Après dix mois de cavale, Claude Pivi, ancien ministre de la Sécurité sous le régime de Moussa Dadis Camara, a été arrêté au Liberia et extradé vers la Guinée. Ce rebondissement spectaculaire, annoncé ce 19 septembre 2024 par le procureur du parquet militaire lors d’une conférence de presse, signe la fin d’une fuite qui n’a cessé de hanter l’opinion publique guinéenne. Une cavale dont les contours rocambolesques soulèvent des questions brûlantes sur les défaillances de la sécurité nationale et les complicités dont a pu bénéficier cet ancien dignitaire militaire.
L’évasion qui embarrasse l’État
C’était une évasion comme la Guinée n’en avait jamais connue. Le 4 novembre 2023, Claude Pivi s’échappait de la prison centrale de Conakry, quelques jours seulement avant sa condamnation à perpétuité pour son rôle dans le massacre sanglant du 28 septembre 2009. Un véritable camouflet pour les autorités. Comment un personnage aussi surveillé a-t-il pu déjouer les gardiens de la prison la plus sécurisée du pays ? Cette question, encore sans réponse, reste un point noir dans ce dossier.
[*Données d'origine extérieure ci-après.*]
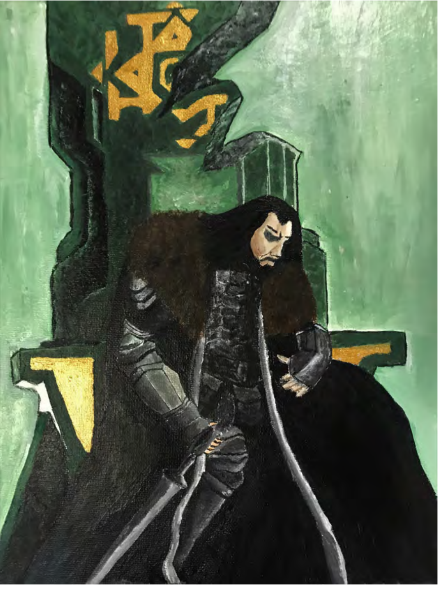
painting by: Ariel LaPlante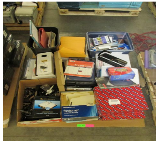
LOT 157 _____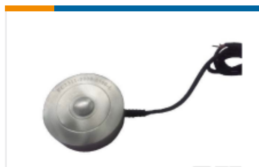
TE Part #FC2311-0000-0250-L FC23 MV 2FT CABLE 250L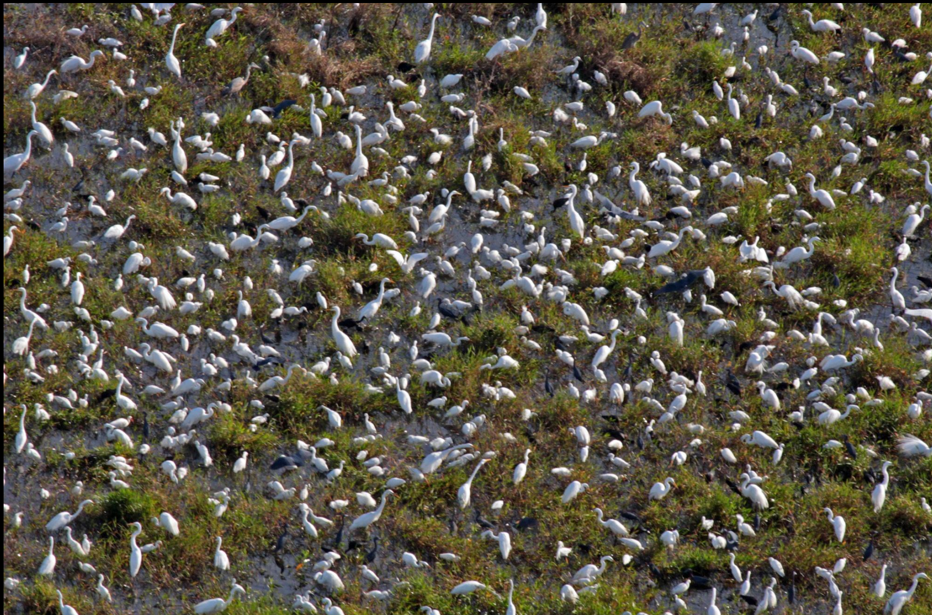
Hundreds of wading birds in the marsh near Fisheating Bay. Surveyors count and photograph the flocks to estimate foraging use in the lake. Lake Okeechobee, March 2012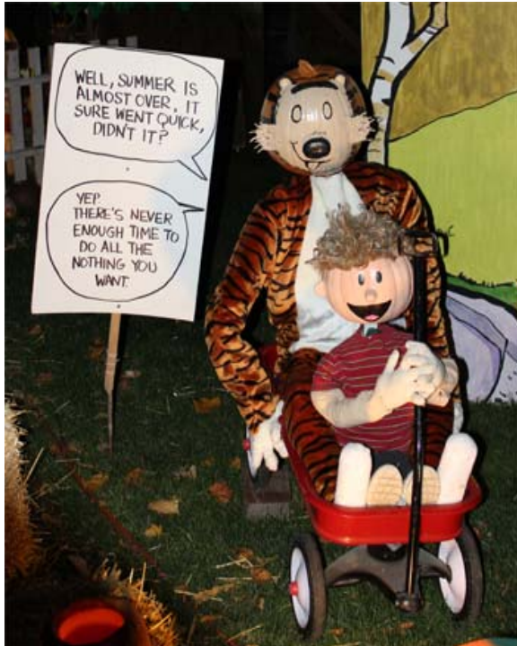
From the "Pumpkin Walk" in North Logan...tribute to Calvin and Hobbes – October 22, 2011.

Her older sister jumped right in. "Don't be silly. Dad is the one who drove Mom to the hospital."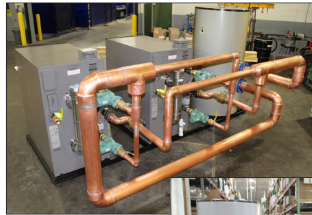
Two (2) SBN1500 with one (1) RVU 300 Buffer Tank

For more information about custom packaged solutions from Lochinvar, please contact your local Sales Representative or Lochinvar Customer Service at 615-889-8900 or visit www.lochinvar.com .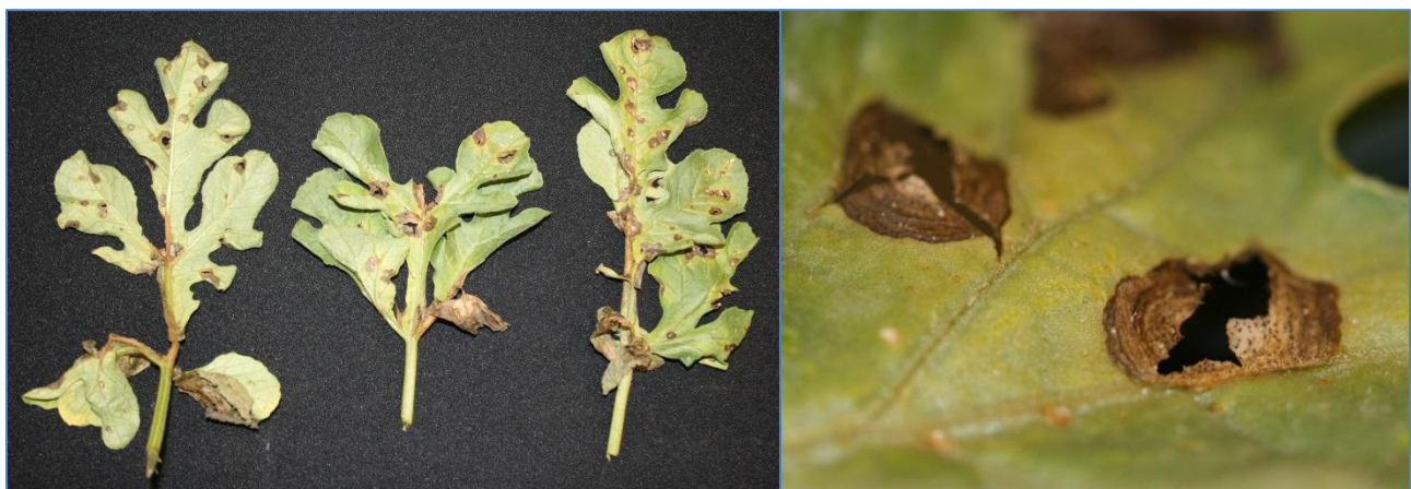
Gummy stem blight infected foliage has very distinct, conspicuous lesions that are round with a strong concentric ring pattern. Pycnidia (fungal fruiting structures) can be seen within the lesions (above right).

The current weather pattern has been conducive to the development of gummy stem blight disease. Many times the disease attacks the mid vein of the leaf and causes it to break. The main signs of gummy stem blight are the dark, round pycnidia often found in the center of foliar and stem lesions. Most growers have been spraying products like chlorothalonil and tebuconazole for this disease, and they typically work really well. With the current warm and potentially wet weather pattern moving in, it may be prudent to apply preventive fungicide sprays of products that have more efficacy against gummy stem blight. Products that have worked well in my trials include Inspire Super, Switch, and Luna Experience. Although Fontelis has looked good in programs where it is tank-mixed with chlorothalonil, resistance of the gummy stem blight pathogen to the succinate dehydrogenase inhibiting (SDHI) chemistries in Fontelis, Endura, and Pristine has been widely observed across the southeast. With the current warm and wet weather, it may be prudent to apply preventive fungicide sprays targeting gummy stem.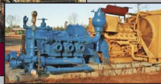
CE F-650 PUMPS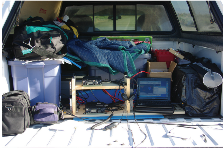
KA6SIP Equipment setup for linear sats

At PACIFCON I had run the demos of linear satellites using a twin Yaesu FT-817 setup similar to the setup from Dave, KB5WIA. Each radio was connected to an Arrow antenna via coax cables with BNC connectors. I also used the Arrow duplexer mounted inside the boom, on the 2-meter coax as a low-pass filter. This setup worked well. I then decided to swap out one FT-817 with an FT-897, but it seemed that no matter what I tried, I was never satisfied with the results, so I went back to the twin FT-817s at the last minute. One thing I did change was that I ran both radios and preamps from an external 28 Ah SLA/AGM battery instead of using the internal batteries. This way I could run several days without worrying about low voltage. Since it looked like the portable work could be done based out of my pickup, I tried mounting the radios &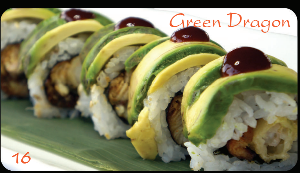
Tempura shrimp & eel, avocado on top w/ soy bbq sauce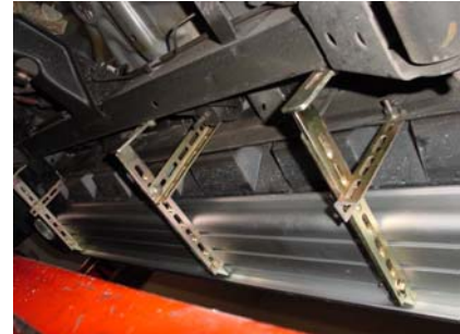
Driver side assembly shown above.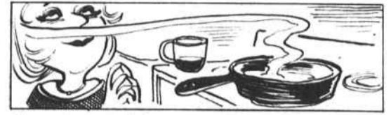
A quarter cup of vinegar on the stove next to frying foods can help get rid of offensive odors.

Cotton production is expected to total 80,000 bales, same as forecast a month earlier, but 54% more than 1980's crop. Acreage is up 23% and yield per acre is up 26% from 1980.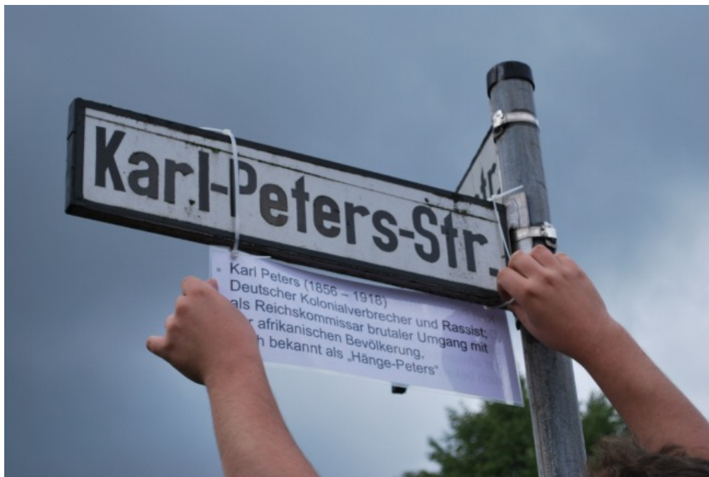
Fig. 9

Young Germans are reengaging with their colonial history, emphasizing a postcolonial turn that aims to critique, and, at the same time, inform the larger public about Germany’s colonial past. The project Freedom Roads: Koloniale Straßennames. postkoloniale Erinnerungskultur started by the Berlin Postkolonial group aims to take street names, or at times whole neighborhoods, named after German colonial figures and provide them with new context about the legacy of the German Empire. In Munich, “Von Trotha Street” was renamed Hererostrasse to commemorate the agents of the anti-colonial rebellion, rather than the commander of the German Schutztruppe, Lothar von Trotha, who was responsible for their genocide. In 2006, in Bielefeld, a group performed a recreation of the German colonial experience in East Africa at Karl-Peters Straße . Likewise, the project Afrika-Hamburg.de archived more than 5600 votes and compiled more than 800 responses from Hamburg’s citizens debating the future of the statue of German East Africa’s bloody governor Hermann von Wissmann. Between 200,000-300,000 people have walked by the monument and read the information about its historical context.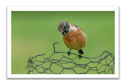
Jeff Kirby's stonechat shared via our SCC FaceBook Page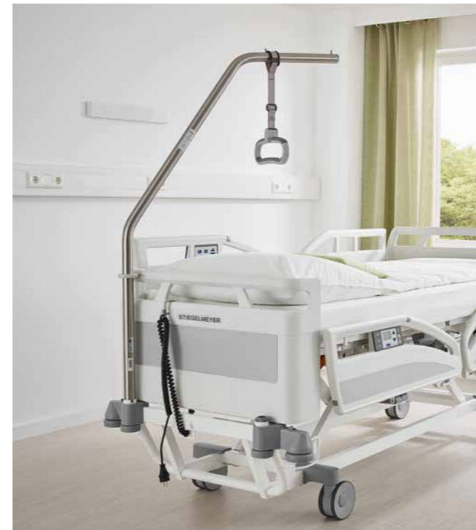
▲ Patient lifting pole on the Evario with a fixed headboard.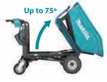
[Tilts electrically up to 75°] (Tilts to 75° in approx. 30 seconds.)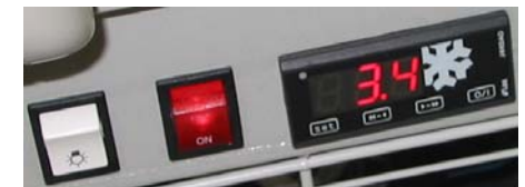
Light Switch Power Switch Controller and Temperature display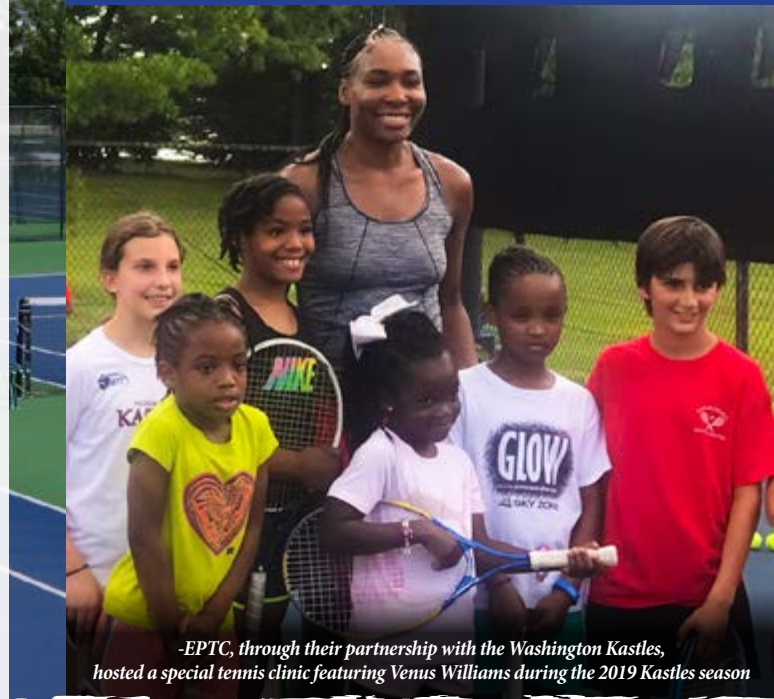
-EPTC, through their partnership with the Washington Kastles, hosted a special tennis clinic featuring Venus Williams during the 2019 Kastles season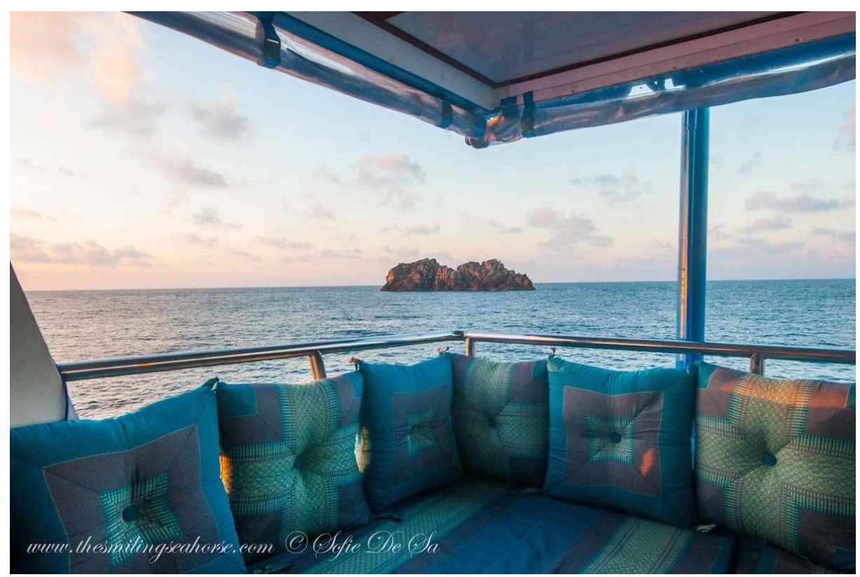
A large sofa area at the back of the upper deck.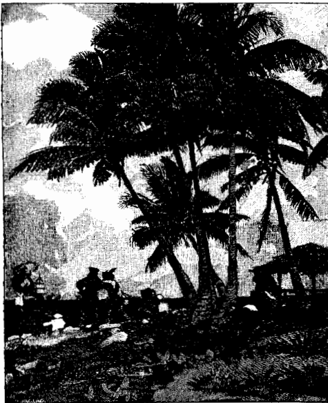
A GROUP OF PALMS.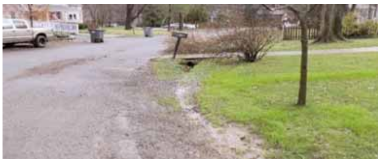
Franklin Park and Chesterbrook Neighborhood before (left) and after (right) Stormwater Improvement Project.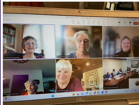
Recent Education Team meeting to discuss last minute details for the Spring Gathering.

The Education Team has been hard at work planning the Spring Gathering set for May 13th at The Brewing Projekt. They have coordinated with the non-profits that will be sharing their stories as well as planning great food choices for the event. This team also works on planning the Education Event which is set to occur later this Fall. The team plans the program and provides resources for the WGC membership as well as the community at large. They are tasked with finding speakers, venues and the food for the event. The Education Event is open to the general public and is a great opportunity for the WGC to share its mission of collective philanthropy for women and children. Thank you Education Team!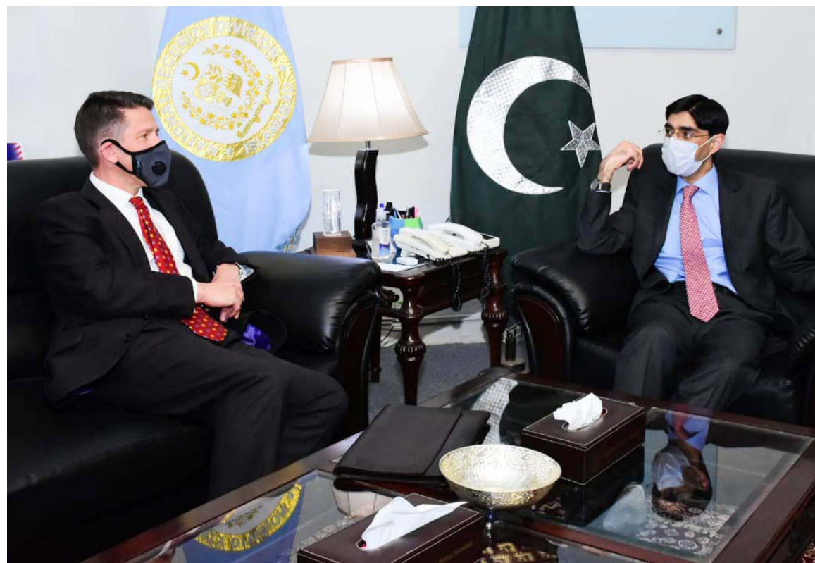
ISLAMABAD: British High Commissioner Dr. Christian Turner calls on National Security Advisor Dr. Moeed Yousuf.

The Senior Superintendent of Police (Traffic) directed all Zonal DSPs to ensure implementation on traffic laws through courteous attitude with citizens. He said that people should be treated politely and briefed them about traffic laws.

Pendant près d’un an, Pivi a réussi à échapper aux forces de l’ordre, profitant de la perméabilité des frontières et sans doute d’appuis logistiques.
Une cavale entre les mailles de la forêt
Claude Pivi lui-même, dans ses premières déclarations après son arrestation, a décrit son périple : une fuite à travers la forêt guinéenne, accompagné de trois individus non identifiés, avant de trouver refuge dans son village natal, puis au Liberia. Une aventure digne d’un film, qui n’aurait pu se réaliser sans une faille béante dans la surveillance des frontières et, peut-être, des complicités locales.
La coopération sécuritaire entre deux pays
Mais cette cavale a aussi montré un autre visage : celui de la coopération régionale. L’arrestation de Pivi n’aurait pas été possible sans une collaboration étroite entre les forces de sécurité guinéennes et libériennes. Le procureur guinéen n’a d’ailleurs pas manqué de saluer cette entente qui, malgré une frontière poreuse et une région difficile d’accès, a permis la capture de ce fugitif de haut rang. L’extradition de Pivi, sous haute surveillance, marque un tournant dans cette affaire.
Un retour en prison et des zones d’ombre
De retour derrière les barreaux, Claude Pivi ne pourra plus échapper à la justice. Toutefois, cette arrestation ne clôt pas le dossier. L’enquête continue, et l’on attend des réponses. Qui a aidé Pivi dans sa fuite ? Comment a-t-il pu bénéficier d’un soutien aussi organisé ? Le procureur a promis des investigations approfondies pour identifier tous les acteurs impliqués dans cette évasion. Les Guinéens attendent des réponses, et l’État a l’obligation de les leur fournir.
Un enjeu symbolique pour la justice guinéenne
L’arrestation de Claude Pivi constitue sans doute une victoire pour les autorités guinéennes, mais elle met aussi en lumière les faiblesses d’un système sécuritaire à bout de souffle. Pour le pays, il ne s’agit pas simplement de ramener un fugitif derrière les barreaux. Il s’agit de restaurer la confiance du peuple dans la justice, de montrer que personne, pas même un ancien ministre influent, n’est au-dessus des lois. Mais tant que les zones d’ombre persistent, ce retour en prison n’effacera pas le goût amer laissé par cette affaire.